US Vows to Work With ASEAN Partners to Support People of Myanmar
By The Irrawaddy 22 October 2021
The United States said it has reached a turning point in reaching its objectives to handle the crisis resulting from the Myanmar military’s Feb. 1 coup and pledged its continuous support to the Myanmar people through cooperation with regional countries.
During a trip this week to Thailand, Singapore and Indonesia, US State Department Counselor Derek Chollet, who led an interagency delegation, said Myanmar’s deteriorating situation has been the main focus of the team’s meetings with ASEAN partners at each stop.
The trip followed ASEAN’s decision last week not to invite the junta leader to its summit next week—a decision the US counselor said was “an example of how international pressure can make a difference.”
The counselor said the US and ASEAN countries agreed on the overall objectives of pushing the regime to put Myanmar back on the path to democracy, to cease the violence, and to release all those unjustly detained, and to adhere to ASEAN’s Five-Point Consensus set out in April.
Weighing the potential leverage offered by an array of economic, political and diplomatic tools, the counselor said, “We are at an inflection point on how to reach these objectives in Burma,” referring to the country by its former name.
“We are committed to the Burmese people for the long haul, both because it’s the right thing to do and because it is in our strategic interest. Working with our partners in ASEAN and the region must be at the center of our strategy,” he added.
“We do need to be realistic about the limited tools we have to influence the regime, but there are tools we have at our disposal, especially diplomatic pressure, that have helped us make some progress.”
The US is also “committed to staying deeply engaged” in resolving the Myanmar crisis as best it can and as long as it persists, Chollet told The Irrawaddy during a telephone press conference on Thursday.
The US is “in lockstep with our ASEAN partners” to provide humanitarian assistance to Myanmar’s people, as the humanitarian situation in Myanmar “is deteriorating rapidly,” he said.

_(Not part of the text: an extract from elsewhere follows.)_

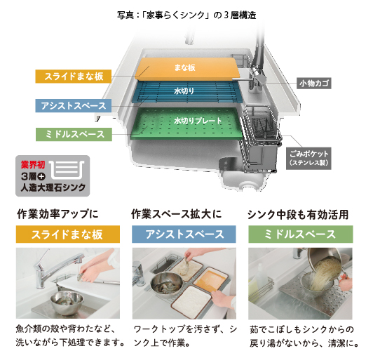 それらを実現するために、スライドまな板・アシストスペース・ミドルスペースからなる業界初のアクリル人造大理石製3層シンク設計を導入しています。

The US and Thailand on Tuesday discussed providing critical humanitarian aid to the Myanmar people though the Thai-Myanmar border, while the US and Singapore discussed finding ways to limit the regime’s overseas financial assets on Wednesday.
“The confluence of the regime’s violent repression, the widespread prevalence of COVID-19, and a collapsing economy have really devastated the Burmese people and have put us at risk of seeing a failed state in the heart of Asia,” he said.
The US is consulting with its ASEAN partners to identify the potential impacts of using the tools at its disposal, the counselor said, adding that the US’s partnerships with ASEAN at the center will be critical to making progress in the restoration of democracy and freedom in Myanmar.
Kin Moy, principal deputy assistant secretary in the Bureau of East Asian and Pacific Affairs at the US Department of State, said the US won’t pull the trigger “unilaterally”, adding that the delegation had held very close consultations and developed a list of tools during its trip.
He added, “[I]t was very effective, wherever we seemed to go, there was quite a lot of interest in searching for tools that would have an impact.”
From February to date, the Myanmar junta has killed at least 1,183 civilians during lethal crackdowns against peaceful anti-regime protests and arrested more than 9,000 people, according to the advocacy group Assistance Association for Political Prisoners.
On Monday, junta chief Senior General Min Aung Hlaing pardoned more than 5,600 political detainees, but at least 110 were rearrested within hours and days.
The US is also closely monitoring the detainees’ releases. The counselor said, “We’re skeptical that this is necessarily genuine and we’re also watching very carefully that this is just not an empty gesture that then is quickly reversed on the ground.”
The US also repeated its call for the release of the American journalist Danny Fenster, 37, who has been detained unjustly since May.
Chollet stressed that the international community has an “urgent responsibility” to pressure the military regime to cease violence, to release those unjustly detained and to respect the will of the Burmese people, who are demanding a return to democracy.
On its engagement with the parallel civilian National Unity Government (NUG), the US said it is “very supportive” of the efforts of the pro-democracy movement, including the NUG and others working to “peacefully restore Myanmar’s path to inclusive democracy.”